Lang Johannes, Koch Jeannette, Dutta Sudip K, Leuthold Mila M, Martina Byron, Klein Christian D
Medicinal Chemistry, Institute of Pharmacy and Molecular Biotechnology IPMB, Heidelberg University, Im Neuenheimer Feld 364, D-69120 Heidelberg, Germany.
Artemis Bioservices, Molengraaffsingel 10, 2629 JD Delft, The Netherlands.
ACS Med Chem Lett. 2025 Jul 15;16(8):1592-1600. doi: 10.1021/acsmedchemlett.5c00219. eCollection 2025 Aug 14.

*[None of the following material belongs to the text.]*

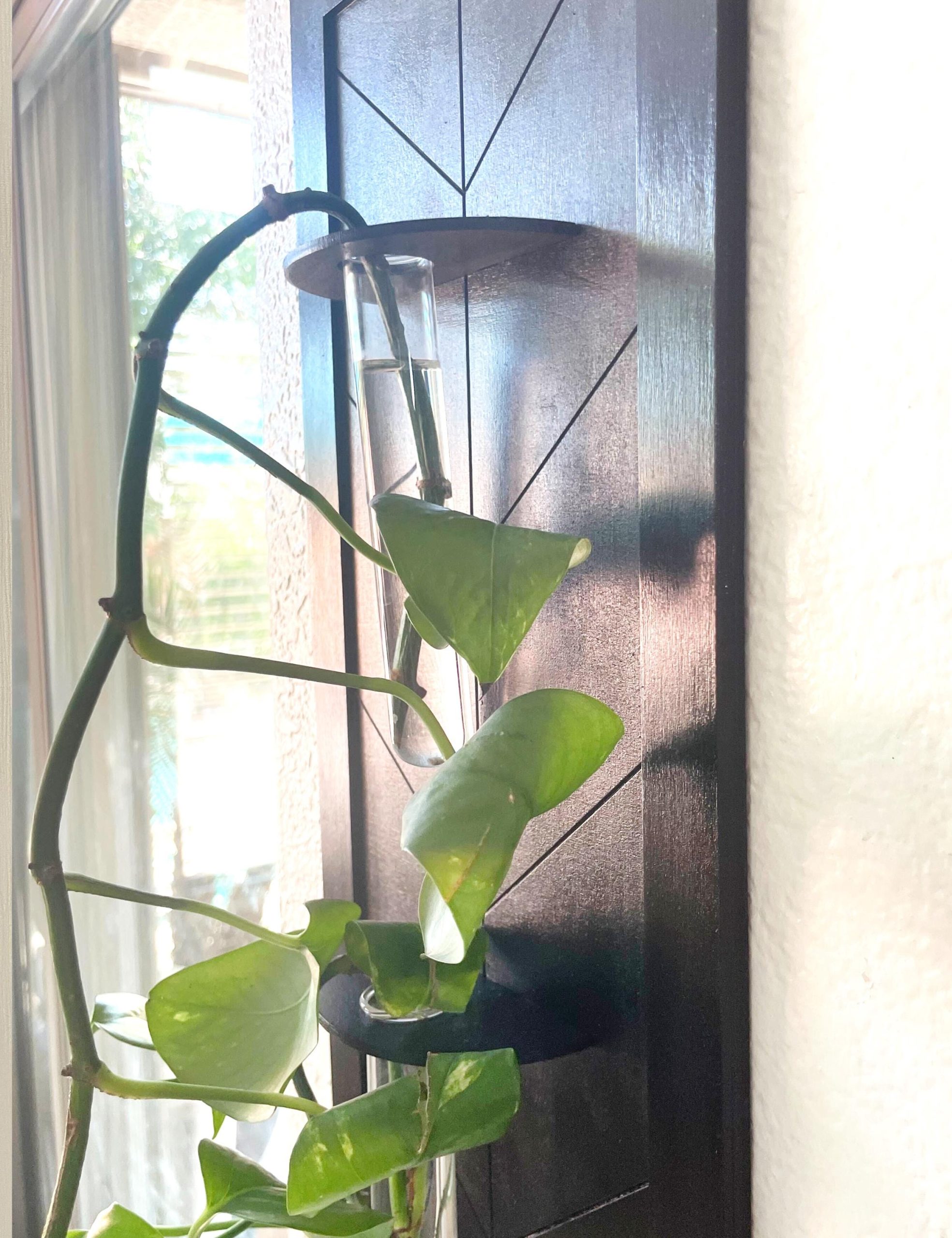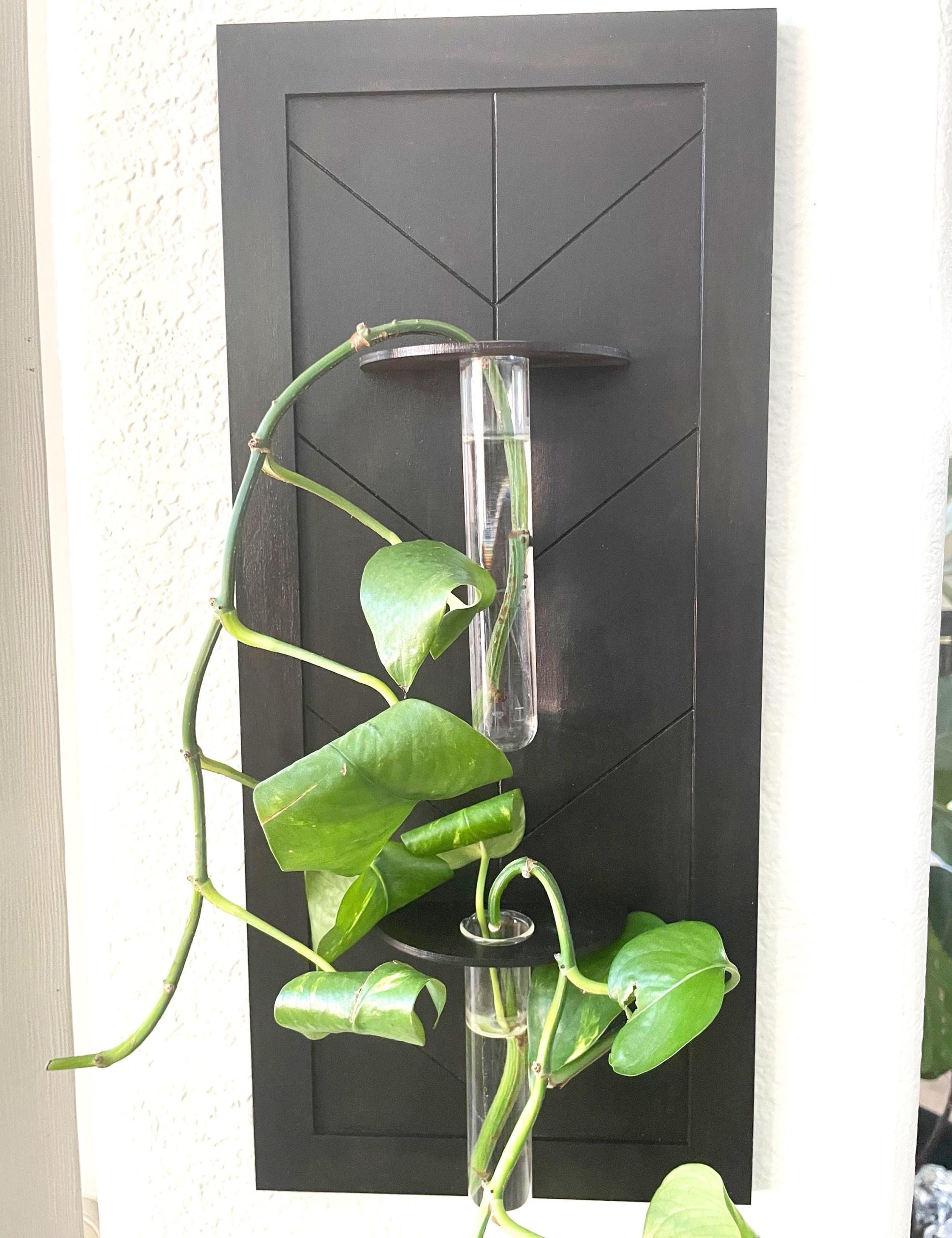 Elevate your space with this stunning wooden plant propagation station, designed to be a standout piece in any room. Personalize the color to complement your decor and simply add your favorite plant cuttings to transform a dull wall or nook into a warm and inviting display. This rustic yet modern station features a laser-cut arrow pattern and can be purchased with two clear glass tubes, making it the perfect solution for rooting plant cuttings in style.

We present the discovery of pyrazole-3-carboxylic acid derivatives as novel dengue virus (DENV) NS2B-NS3 protease inhibitors. The discovery was triggered by omission of the phenylglycine scaffold of previous lead structures. We established a robust, regioselective synthetic route toward pyrazole-3-carboxylic acid derivatives. Subsequent SAR studies delivered inhibitors with promising activity against the DENV protease in biochemical and reporter gene assays with EC values down to 2.2 μM and antiviral activity against DENV-2 with EC values down to 4.1 μM. Active site binding and target specificity were evaluated by a tryptophan fluorescence quenching assay. We further observed negligible cytotoxicity, no inhibition of the off-targets thrombin and trypsin, and promising early stage pharmacokinetic properties. The 2-aminopyrimidine scaffold was identified as a promising nonbasic replacement of the guanidine moiety. In addition, eliminating the highly hydrophobic phenylglycine moiety of previous compound series provides a crucial increase in drug likeness of this novel flaviviral protease inhibitor class.
我们报道了吡唑-3-羧酸衍生物作为新型登革热病毒(DENV)NS2B-NS3蛋白酶抑制剂的发现。这一发现是由之前先导结构中苯甘氨酸骨架的缺失引发的。我们建立了一条稳健、区域选择性的合成吡唑-3-羧酸衍生物的路线。随后的构效关系研究得到了在生化和报告基因检测中对DENV蛋白酶具有良好活性的抑制剂,其半数有效浓度(EC)值低至2.2 μM,对DENV-2的抗病毒活性的EC值低至4.1 μM。通过色氨酸荧光猝灭试验评估了活性位点结合和靶标特异性。我们还进一步观察到其细胞毒性可忽略不计,对非靶标凝血酶和胰蛋白酶无抑制作用,且具有良好的早期药代动力学性质。2-氨基嘧啶骨架被确定为胍基部分有前景的非碱性替代物。此外,去除先前化合物系列中高度疏水的苯甘氨酸部分,极大地提高了这类新型黄病毒蛋白酶抑制剂的类药性。